Carefully and quietly, the Lebanese authorities are trying to take advantage of turmoil in Syria and distance themselves from the Iranian-Syrian axis. The latest sign of this was a speech given by Lebanese President Michel Suleiman on Tuesday, in Peru of all places.

Suleiman, the Maronite Christian ex-general has always been one of the most careful Lebanese politicians, treading a fine line between the various factions and doing nothing to anger the Syrians or Hezbollah.

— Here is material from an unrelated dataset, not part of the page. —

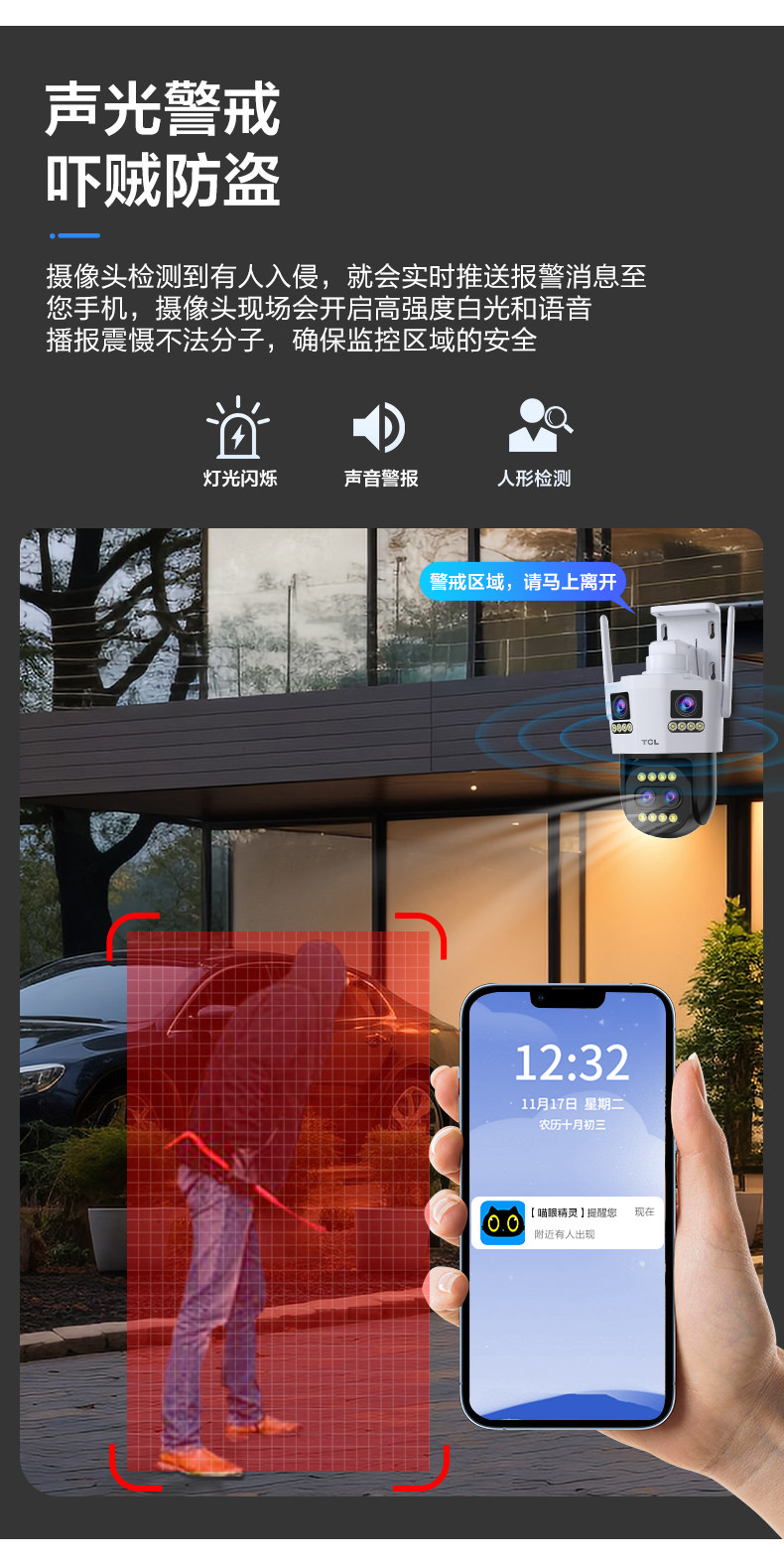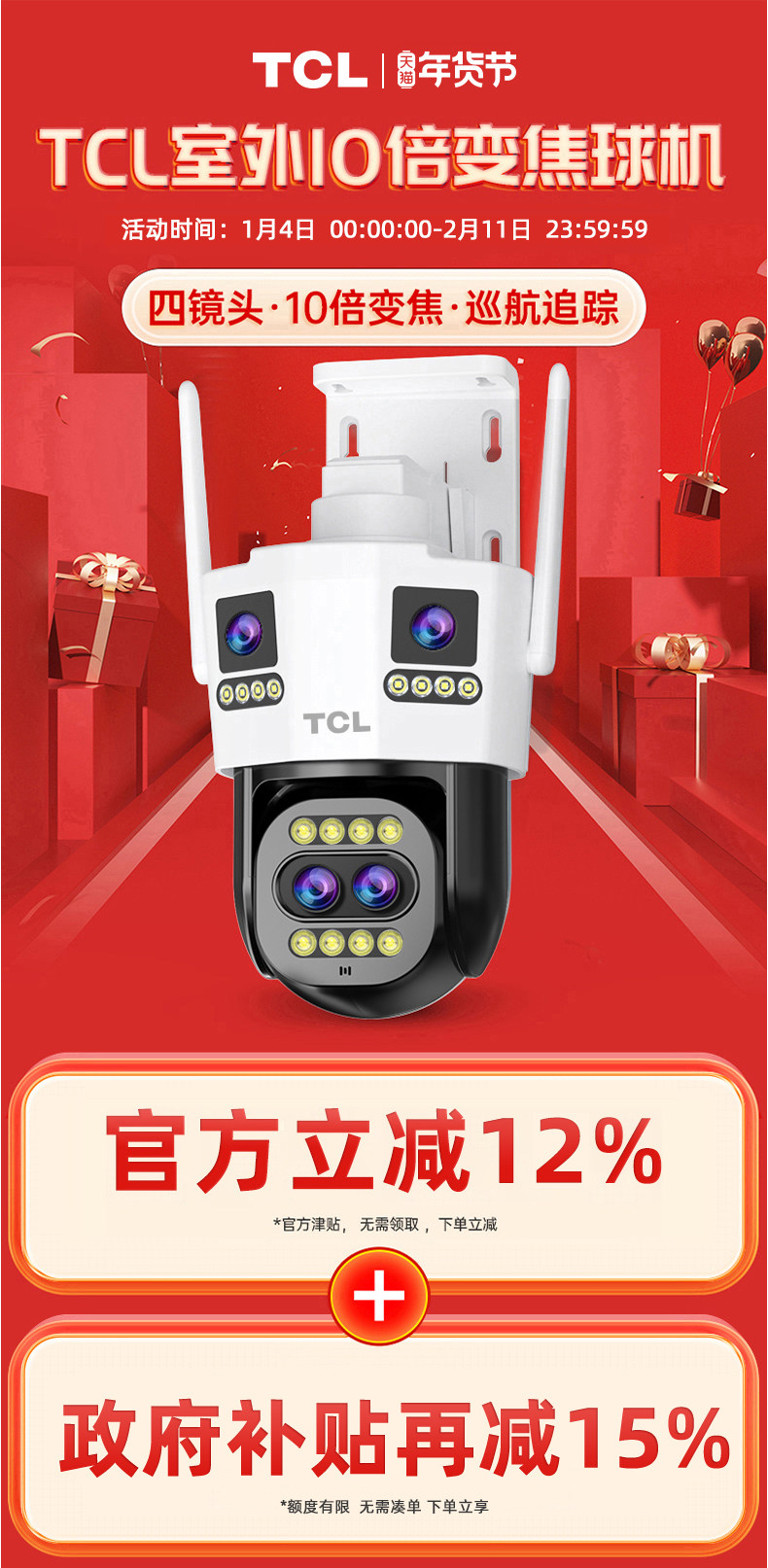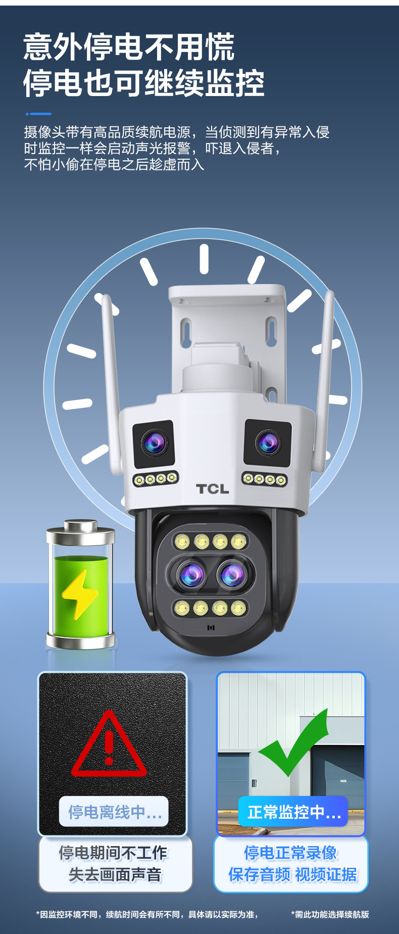 Tcl Outdoor Wireless Monitor with Mobile Phone Remote Control, Voice Camera, 360-Degree Panoramic View, 4g High-Definition Night Vision Photography

At a conference of Lebanese expatriates living in Latin America, he said yesterday that the National Dialogue Committee that he chairs is planning a defense strategy "that places the arms of the resistance under the Army’s command in case of an Israeli aggression on Lebanese soil only, and not for any other domestic or foreign reason.”

"The resistance" in Lebanese political-talk means Hezbollah and "the arms" are not just any machine guns but the tens of thousands of Iranian and Syrian-supplied missiles that Hezbollah has targeted towards Israel. What Suleiman was saying in his veiled and cautious way, is that should a regional conflict break out between Israel and Iran and its proxies, the Lebanese government would try and prevent the Hezbollah missiles based on its soil from being used against Israel, hopefully preventing the ensuing destruction of Israeli retaliation.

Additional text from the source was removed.